Истощенный, он остановился и почувствовал, коленопреклоненный, как песок поддается под двойною тяжестью: его тела и тела мертвого брата! Потом он сразу выпрямился и, приближаясь к огромному теневому вееру, опущенному Подземельями на морской берег, снова начал свою мрачную молитву;

– Мать, о, мать! И ты, отец! Твой взгляд давит меня, как надгробный камень! Выслушайте меня! Я вам все объясню! Знайте, что он всегда презирал смерть!.. Ваша кровь, ваша кровь, моя кровь – вот виноватый!.. Это ваша кровь толкала его играть со смертью, как некогда он играл в прятки со мною! А между тем, я боюсь, я боюсь, о, мать, что услышу, как ты вдруг возопишь: – Что сделал ты со своим братом?.. Разве не тебе я поручила его жизнь при последнем дыхании моем в агонии?.. Разве не я сказала тебе: Мафарка! смотри за Магамалом! Держи его всегда под прикрытием, подобно сердцу, скрытому боками! Держи его всегда между страшным валом твоих рук!.. Да, да! Я помню это, и я любил брата всей огромной любовью, которую ты питала к нему, о, моя уважаемая мать!.. Я любил его за то, что он был так хрупок, кроток и смел! Но здесь его поджидала смерть, смерть засевшая, как охотник, в кустарники его мужества!..

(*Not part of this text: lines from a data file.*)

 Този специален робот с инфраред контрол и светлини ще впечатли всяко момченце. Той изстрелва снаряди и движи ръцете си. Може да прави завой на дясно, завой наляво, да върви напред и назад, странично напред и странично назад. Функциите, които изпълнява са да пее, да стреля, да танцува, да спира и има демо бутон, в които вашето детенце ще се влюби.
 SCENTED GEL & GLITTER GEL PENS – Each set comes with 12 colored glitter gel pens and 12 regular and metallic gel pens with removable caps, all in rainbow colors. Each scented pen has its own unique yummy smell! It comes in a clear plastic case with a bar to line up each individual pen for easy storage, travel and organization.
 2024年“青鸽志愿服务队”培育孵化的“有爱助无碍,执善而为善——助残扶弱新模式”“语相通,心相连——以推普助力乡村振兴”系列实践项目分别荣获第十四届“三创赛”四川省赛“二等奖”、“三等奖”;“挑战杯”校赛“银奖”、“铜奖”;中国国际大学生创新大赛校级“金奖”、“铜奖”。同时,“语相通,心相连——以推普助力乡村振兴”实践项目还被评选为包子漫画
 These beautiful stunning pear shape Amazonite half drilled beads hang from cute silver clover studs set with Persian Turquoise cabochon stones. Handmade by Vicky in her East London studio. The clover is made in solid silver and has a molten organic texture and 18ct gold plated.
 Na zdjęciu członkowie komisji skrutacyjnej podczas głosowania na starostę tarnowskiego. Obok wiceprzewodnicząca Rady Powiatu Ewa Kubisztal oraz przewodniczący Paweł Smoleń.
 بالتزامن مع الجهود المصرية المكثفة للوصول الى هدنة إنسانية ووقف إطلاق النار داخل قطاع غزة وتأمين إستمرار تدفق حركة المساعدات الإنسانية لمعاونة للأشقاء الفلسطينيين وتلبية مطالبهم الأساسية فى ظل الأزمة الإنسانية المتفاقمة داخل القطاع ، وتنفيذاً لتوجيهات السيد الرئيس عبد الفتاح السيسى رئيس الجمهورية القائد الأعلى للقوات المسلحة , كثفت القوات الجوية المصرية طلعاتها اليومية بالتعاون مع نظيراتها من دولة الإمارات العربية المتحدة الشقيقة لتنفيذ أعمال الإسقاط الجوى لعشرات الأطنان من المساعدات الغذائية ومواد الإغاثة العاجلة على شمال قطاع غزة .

«Но вы правы!.. Я должен был запереть его и его честолюбие, его и его смелость, лицом к лицу, чтобы они задушили друг друга в Подземелье! О, не проклинайте меня!.. Ради Бога, ради Бога, примите в ваши объятия его труп! Я знаю, знаю дорогая мать, что ты не хочешь…»

Голос Лангурамы: – Я дала его тебе живого и прекрасного, и вот он – мертвой и сгнивший!.. Что буду я делать с ним?.. Возьми назад твоего брата и унеси его!.. Я не хочу его… (голос слабеет и стонет). Ах, мое бедное, возлюбленное дитя!.. Магамал!.. Твои руки не будут больше ласкать мои морщинистые щеки и твои ноги не оставят больше милого следа на сырой земле, окружающей мою хижину!.. Магамал! Магамал!.. Слушай, не торопись так убегать!.. В страну, куда ты идешь, есть две дороги!.. Одна усажена сиренью и смородиной и ведет в счастливую землю юга, за подпрыгивающий живот моря!.. Там ты найдешь меня!.. Другая дорога усажена колючим кустарником и ведет к темному лабиринту, устланному коврами из страшных змей и ядовитых растений, сплетенных вместе… Если ты пойдешь по этой дороге, ты заблудишься и будешь без конца блуждать, и твои рыдания будут многочисленнее волн морских!..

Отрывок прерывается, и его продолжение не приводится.